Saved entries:
┄┄┄┄┄┄

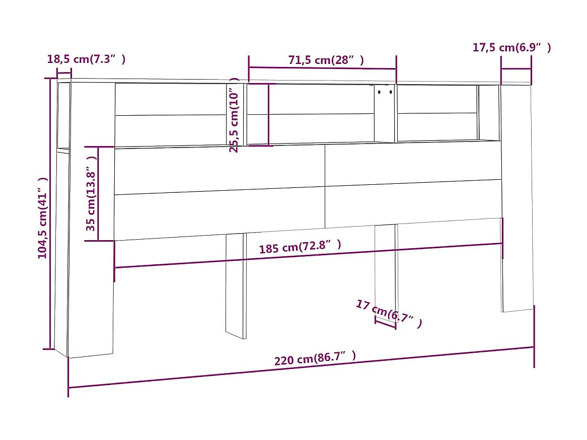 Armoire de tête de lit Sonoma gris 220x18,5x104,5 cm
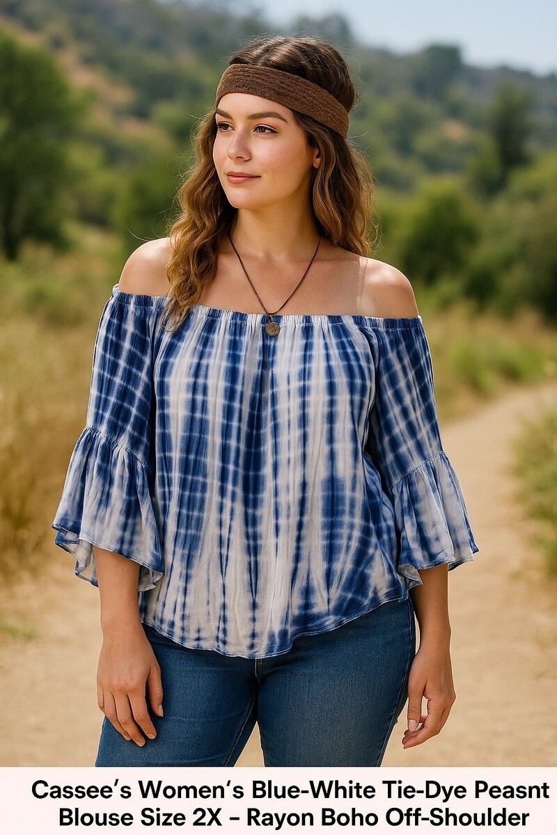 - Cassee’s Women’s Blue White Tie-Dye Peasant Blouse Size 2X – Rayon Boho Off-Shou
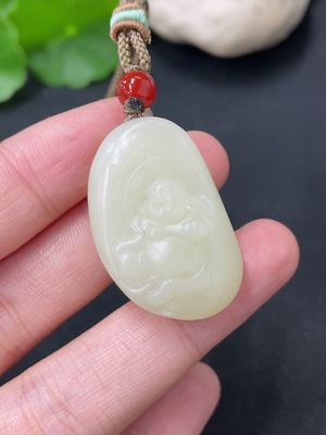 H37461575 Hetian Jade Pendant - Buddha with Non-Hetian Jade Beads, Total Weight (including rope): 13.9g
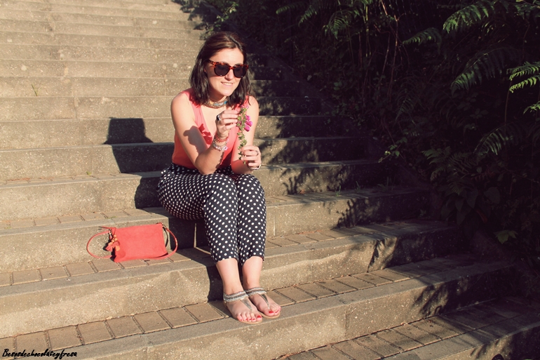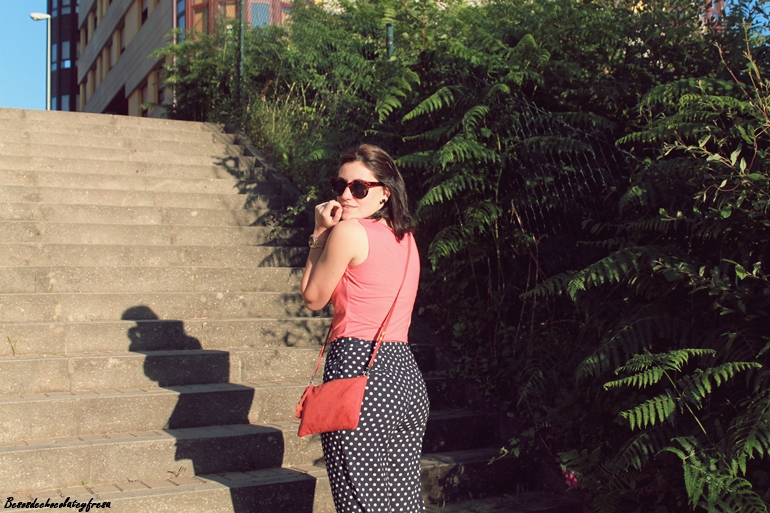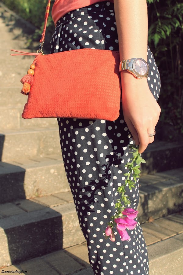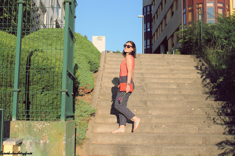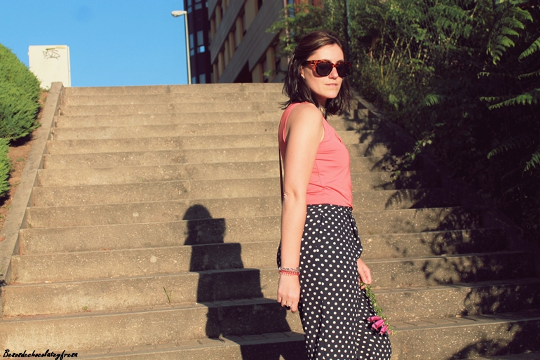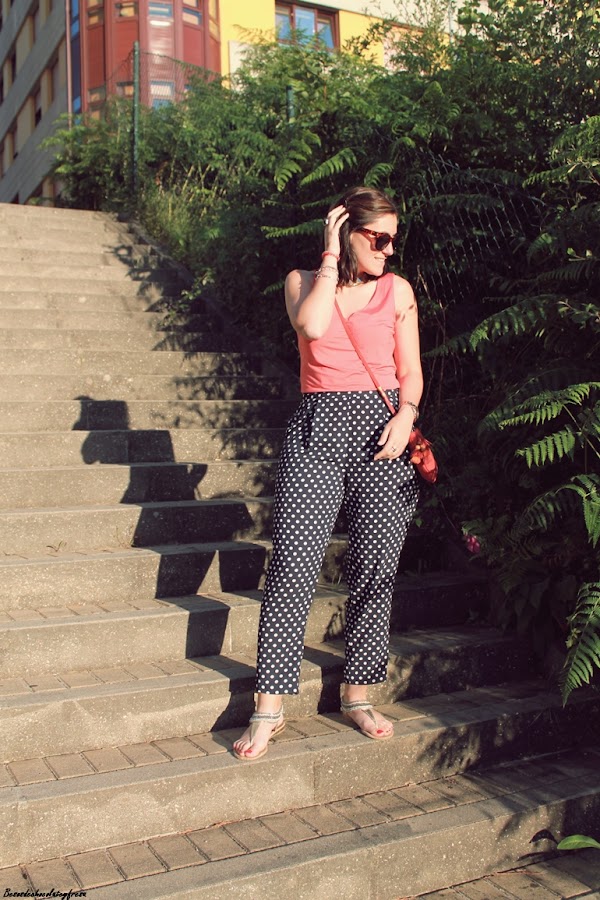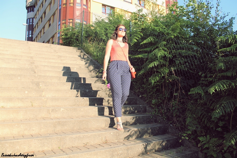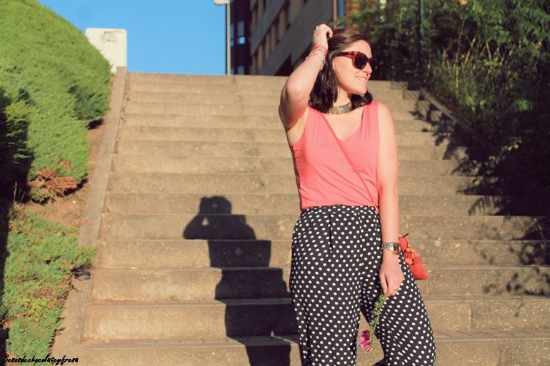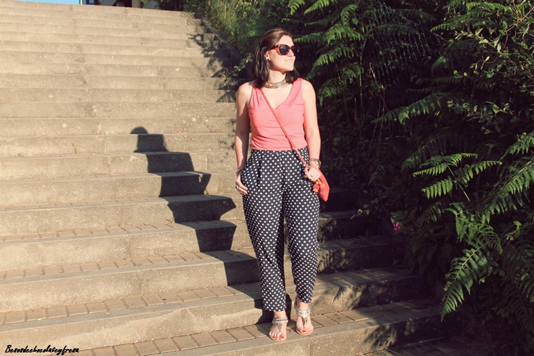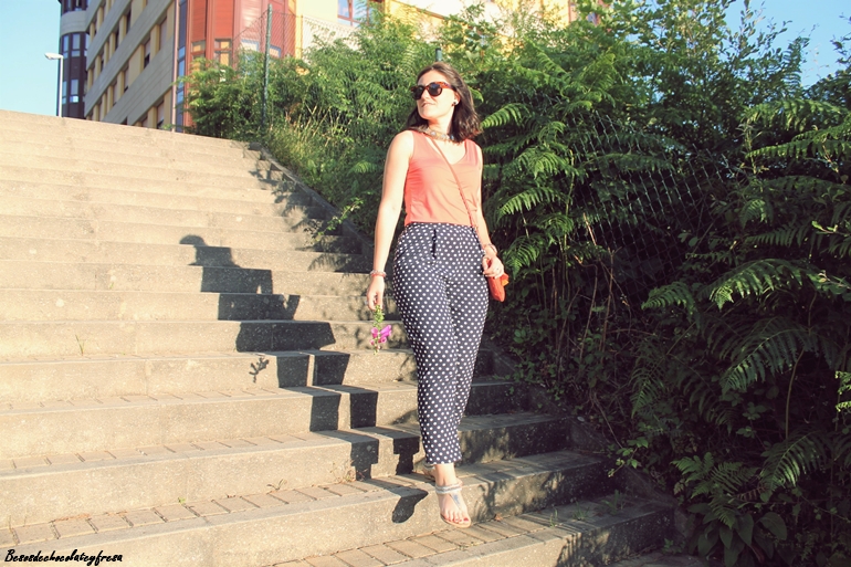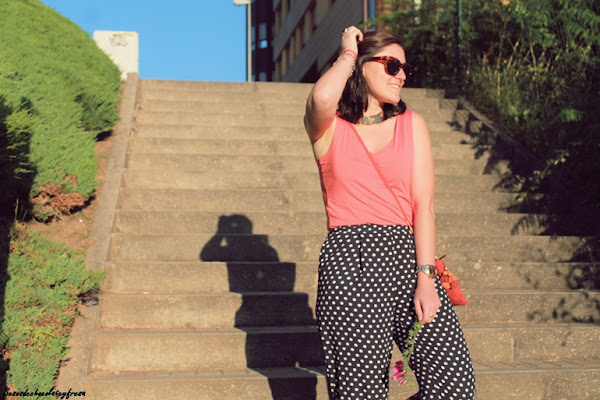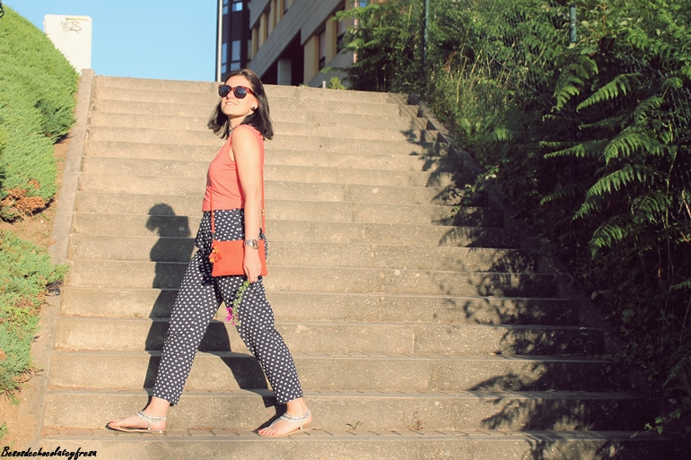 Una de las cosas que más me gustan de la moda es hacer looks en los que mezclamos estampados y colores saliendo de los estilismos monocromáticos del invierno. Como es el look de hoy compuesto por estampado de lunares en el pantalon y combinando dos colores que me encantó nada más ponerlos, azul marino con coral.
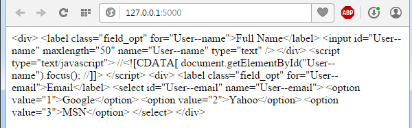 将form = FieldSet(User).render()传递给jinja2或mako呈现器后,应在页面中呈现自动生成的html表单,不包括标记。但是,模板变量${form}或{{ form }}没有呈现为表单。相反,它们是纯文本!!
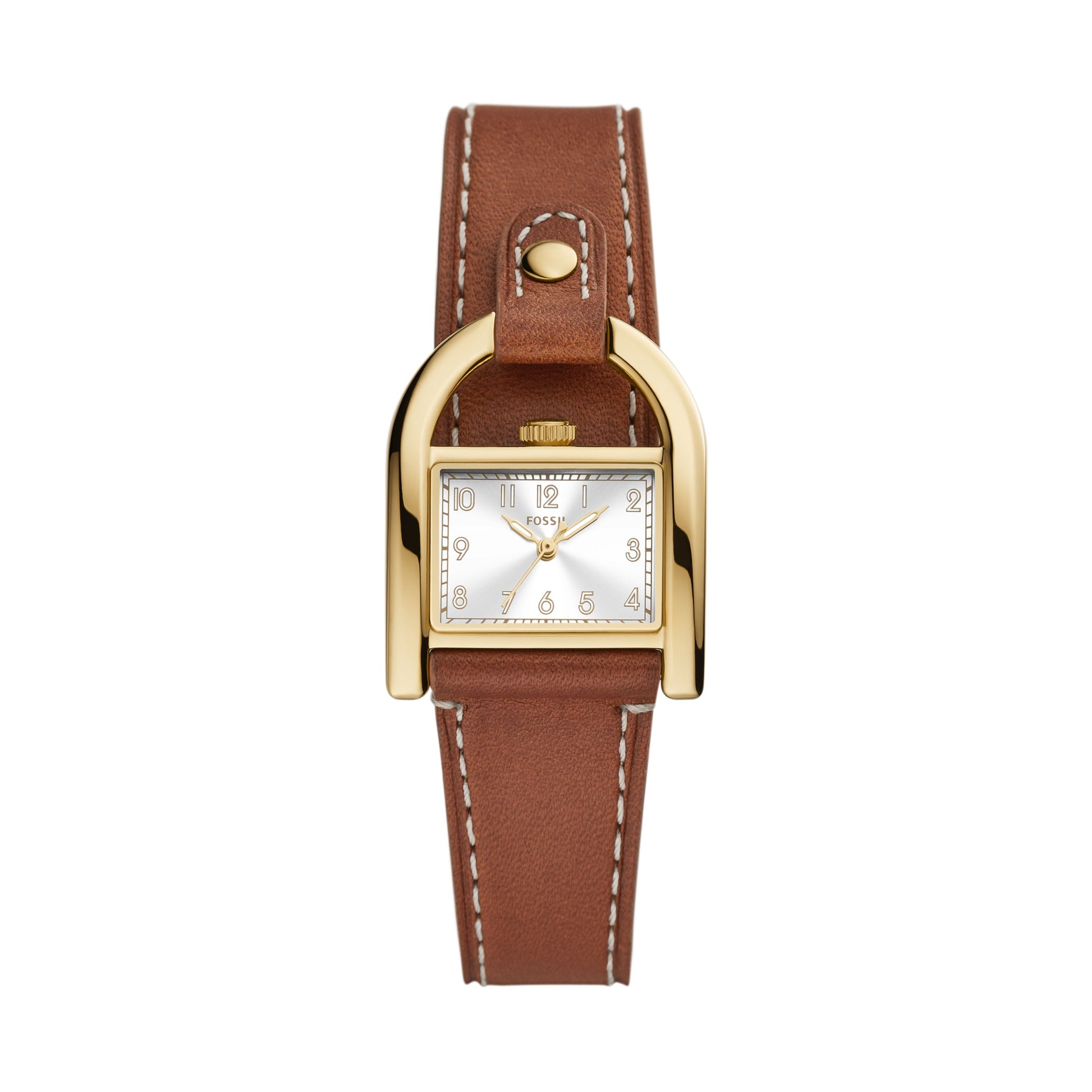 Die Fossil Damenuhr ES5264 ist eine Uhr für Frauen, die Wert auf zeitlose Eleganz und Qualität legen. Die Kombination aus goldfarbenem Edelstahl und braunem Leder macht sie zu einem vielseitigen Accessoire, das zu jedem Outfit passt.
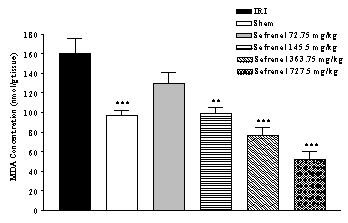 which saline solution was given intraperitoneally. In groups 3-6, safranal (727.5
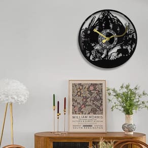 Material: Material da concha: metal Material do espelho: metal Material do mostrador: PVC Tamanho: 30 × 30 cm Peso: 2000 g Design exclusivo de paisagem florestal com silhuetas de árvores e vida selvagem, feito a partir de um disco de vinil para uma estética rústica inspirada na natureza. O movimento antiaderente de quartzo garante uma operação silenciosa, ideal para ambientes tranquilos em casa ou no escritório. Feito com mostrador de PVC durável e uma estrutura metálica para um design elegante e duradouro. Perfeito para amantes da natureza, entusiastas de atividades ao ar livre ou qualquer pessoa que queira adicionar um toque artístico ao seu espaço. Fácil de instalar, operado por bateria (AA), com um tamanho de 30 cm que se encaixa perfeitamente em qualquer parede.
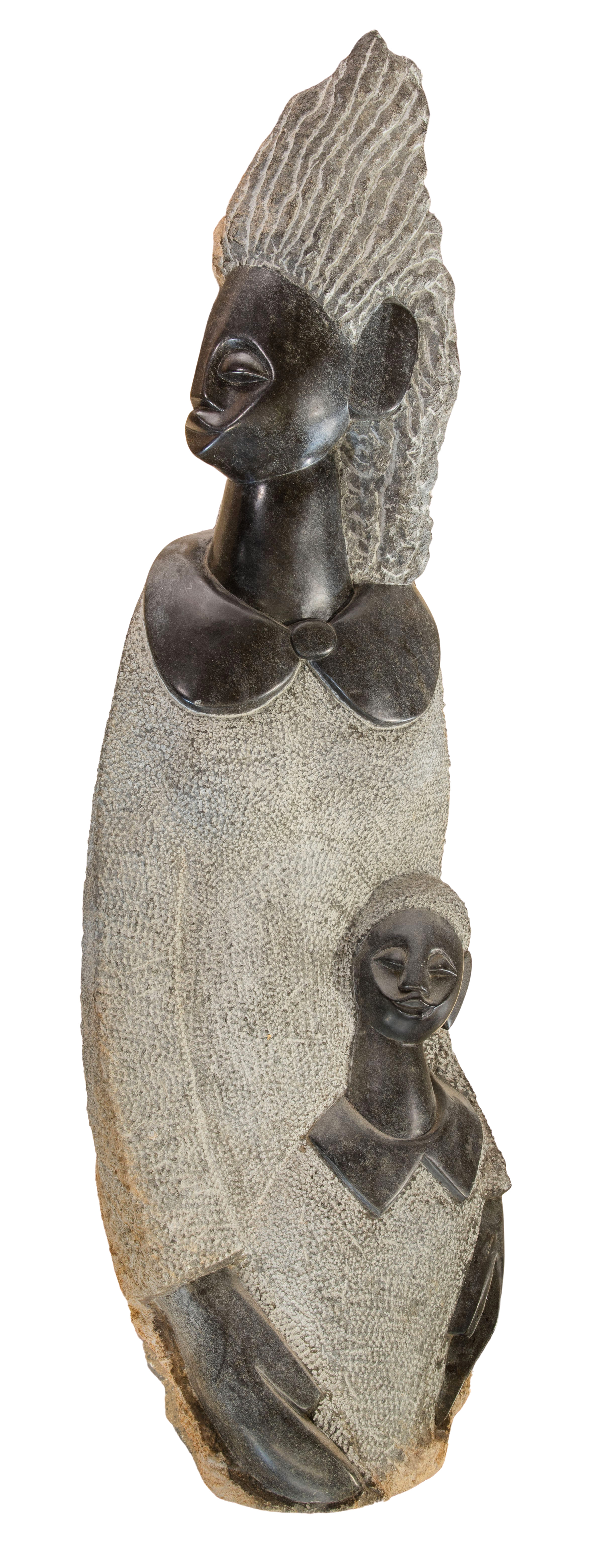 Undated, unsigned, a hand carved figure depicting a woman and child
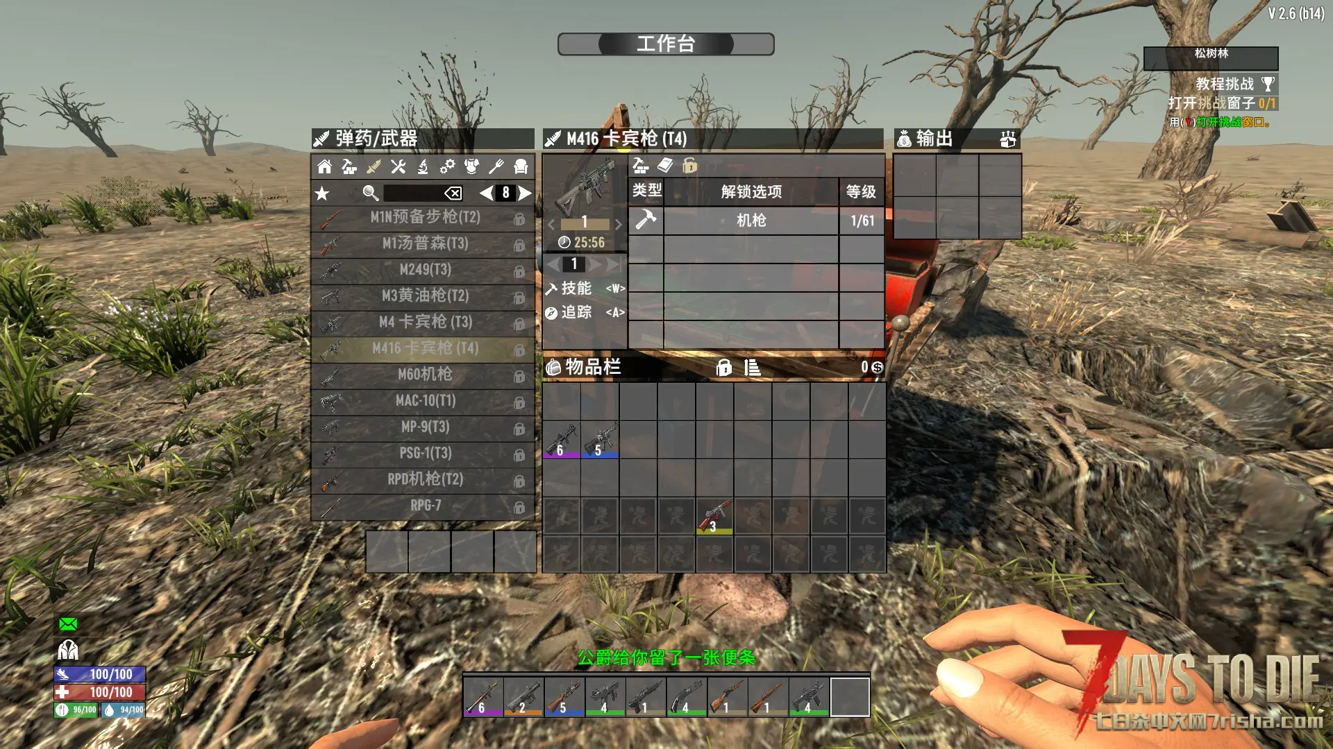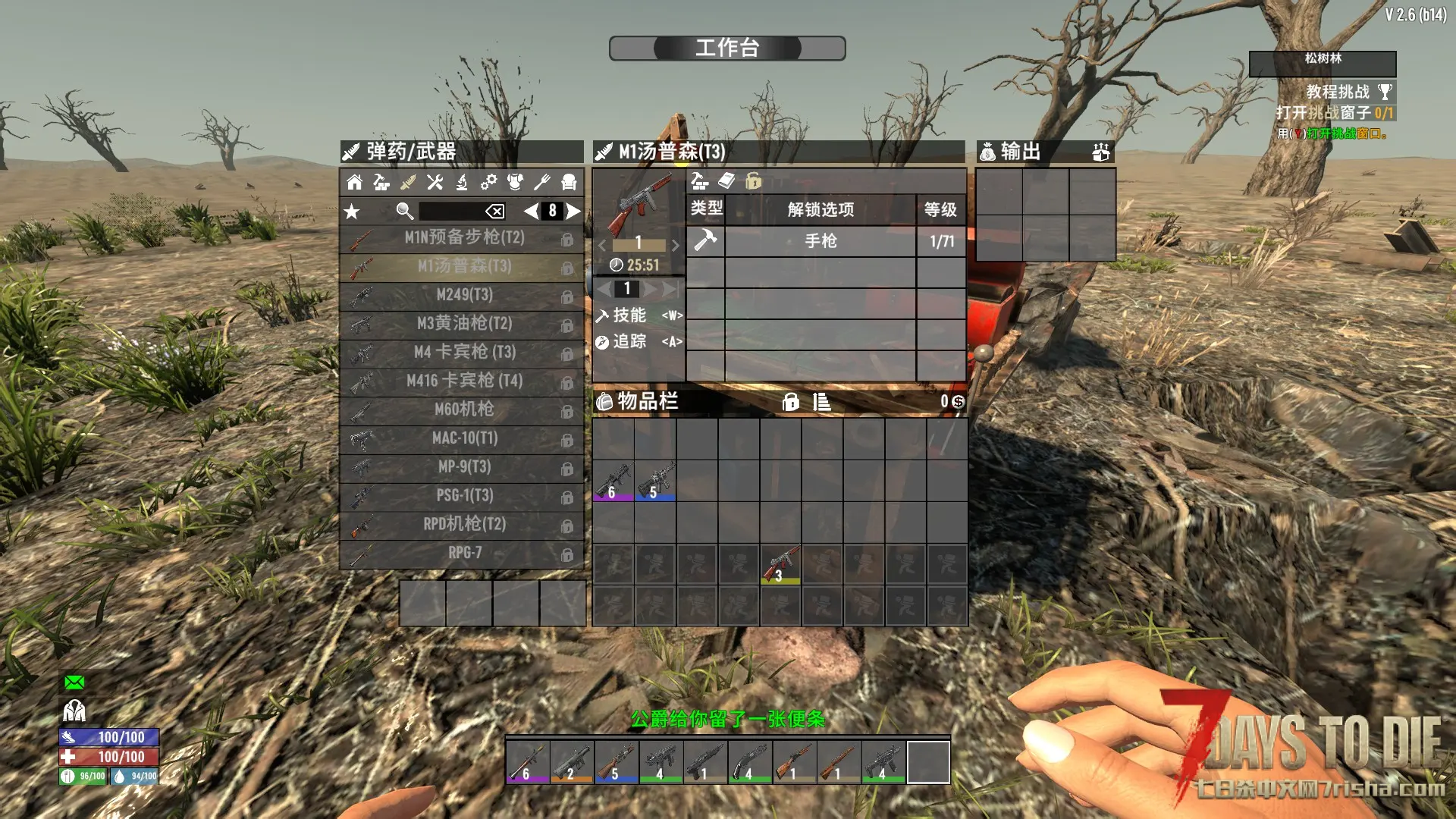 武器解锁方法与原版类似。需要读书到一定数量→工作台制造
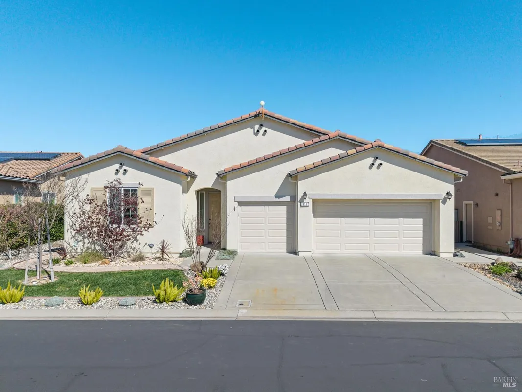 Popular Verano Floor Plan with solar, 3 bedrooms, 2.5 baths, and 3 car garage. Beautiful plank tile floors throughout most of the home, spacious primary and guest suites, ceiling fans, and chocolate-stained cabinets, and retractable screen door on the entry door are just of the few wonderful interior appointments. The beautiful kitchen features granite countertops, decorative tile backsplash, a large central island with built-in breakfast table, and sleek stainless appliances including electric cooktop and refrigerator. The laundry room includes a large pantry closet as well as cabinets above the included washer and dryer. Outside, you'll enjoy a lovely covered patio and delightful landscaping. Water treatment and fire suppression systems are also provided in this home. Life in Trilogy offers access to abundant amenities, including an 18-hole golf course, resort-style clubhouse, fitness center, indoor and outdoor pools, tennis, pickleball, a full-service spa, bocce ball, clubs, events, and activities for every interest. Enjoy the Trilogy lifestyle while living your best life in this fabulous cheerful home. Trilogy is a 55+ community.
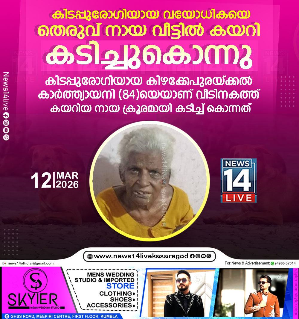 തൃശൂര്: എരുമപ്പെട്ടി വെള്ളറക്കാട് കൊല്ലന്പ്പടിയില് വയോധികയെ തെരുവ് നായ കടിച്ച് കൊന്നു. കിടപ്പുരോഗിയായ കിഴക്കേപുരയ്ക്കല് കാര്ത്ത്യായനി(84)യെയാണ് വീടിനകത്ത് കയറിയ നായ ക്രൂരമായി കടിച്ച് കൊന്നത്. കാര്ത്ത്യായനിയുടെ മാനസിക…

┄┄┄┄┄┄

**Goal of the exercise**
Every line from the one with "Popular Verano Floor" through the end of the records above belongs in the answer, copied exactly; no picture does.

**Task answer**
 Popular Verano Floor Plan with solar, 3 bedrooms, 2.5 baths, and 3 car garage. Beautiful plank tile floors throughout most of the home, spacious primary and guest suites, ceiling fans, and chocolate-stained cabinets, and retractable screen door on the entry door are just of the few wonderful interior appointments. The beautiful kitchen features granite countertops, decorative tile backsplash, a large central island with built-in breakfast table, and sleek stainless appliances including electric cooktop and refrigerator. The laundry room includes a large pantry closet as well as cabinets above the included washer and dryer. Outside, you'll enjoy a lovely covered patio and delightful landscaping. Water treatment and fire suppression systems are also provided in this home. Life in Trilogy offers access to abundant amenities, including an 18-hole golf course, resort-style clubhouse, fitness center, indoor and outdoor pools, tennis, pickleball, a full-service spa, bocce ball, clubs, events, and activities for every interest. Enjoy the Trilogy lifestyle while living your best life in this fabulous cheerful home. Trilogy is a 55+ community.
 തൃശൂര്: എരുമപ്പെട്ടി വെള്ളറക്കാട് കൊല്ലന്പ്പടിയില് വയോധികയെ തെരുവ് നായ കടിച്ച് കൊന്നു. കിടപ്പുരോഗിയായ കിഴക്കേപുരയ്ക്കല് കാര്ത്ത്യായനി(84)യെയാണ് വീടിനകത്ത് കയറിയ നായ ക്രൂരമായി കടിച്ച് കൊന്നത്. കാര്ത്ത്യായനിയുടെ മാനസിക…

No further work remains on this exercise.